Finite coupling effects in double quantum dots near equilibrium

TL;DR

This paper evaluates a novel analytic continuation approach for quantum master equations, demonstrating its accuracy near equilibrium in double quantum dot systems and exploring effects of strong Coulomb interactions.

Contribution

It applies an analytic continuation method to fermionic systems, showing its validity near equilibrium and analyzing Coulomb effects in double quantum dots.

Findings

Method is accurate near equilibrium in fermionic systems.

Comparison shows Redfield methods are less accurate across regimes.

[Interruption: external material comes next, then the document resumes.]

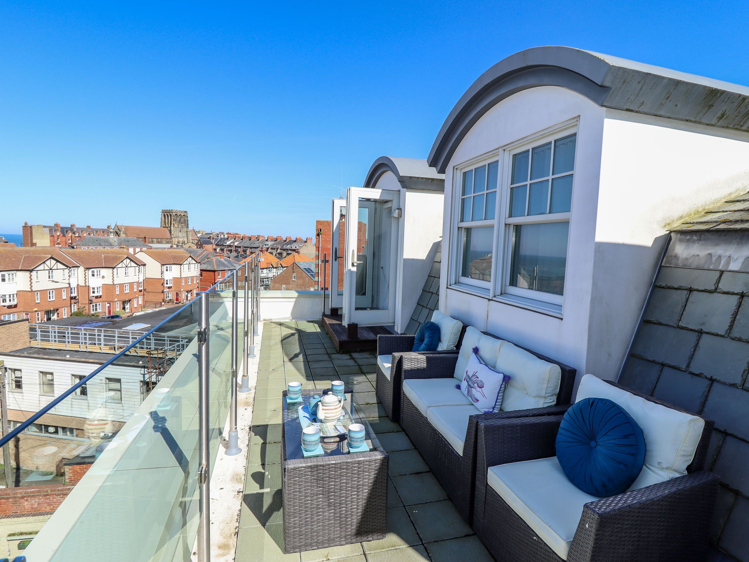 Accomodation Details Penthouse apartment with lift. Two bedrooms: 1 x twin room, 1 x double. Bathroom with bath, shower over, basin and WC. Open-plan living space with kitchen, dining and sitting area. Balcony with superb views over Whitby. Designated parking for one car

Strong Coulomb interactions influence system dynamics significantly.

Abstract

A weak coupling quantum master equation provides reliable steady-state results only in the van Hove limit, i.e., when the system-lead coupling approaches zero. Recently, J. Thingna et al. [Phys. Rev. E 88, 052127 (2013)] proposed an alternative approach, based on an analytic continuation of the Redfield solution, to evaluate the reduced density matrix up to second order in the system-bath coupling. The approach provides accurate results for harmonic oscillator and spin-bosonic systems. We apply this approach to study fermionic systems and the calculation on an exactly solvable double quantum dot system shows that the method is rigorously valid only near equilibrium, i.e., linear response regime. We further compare to the Redfield and the secular Redfield (Lindblad-type) master equations that are inaccurate in all parameter regimes. Lastly, we consider the non-trivial problem of strong Coulomb interaction and illustrate the interplay between system-lead coupling, inter-dot tunneling, and Coulomb strength that can be captured only via the analytic continuation method.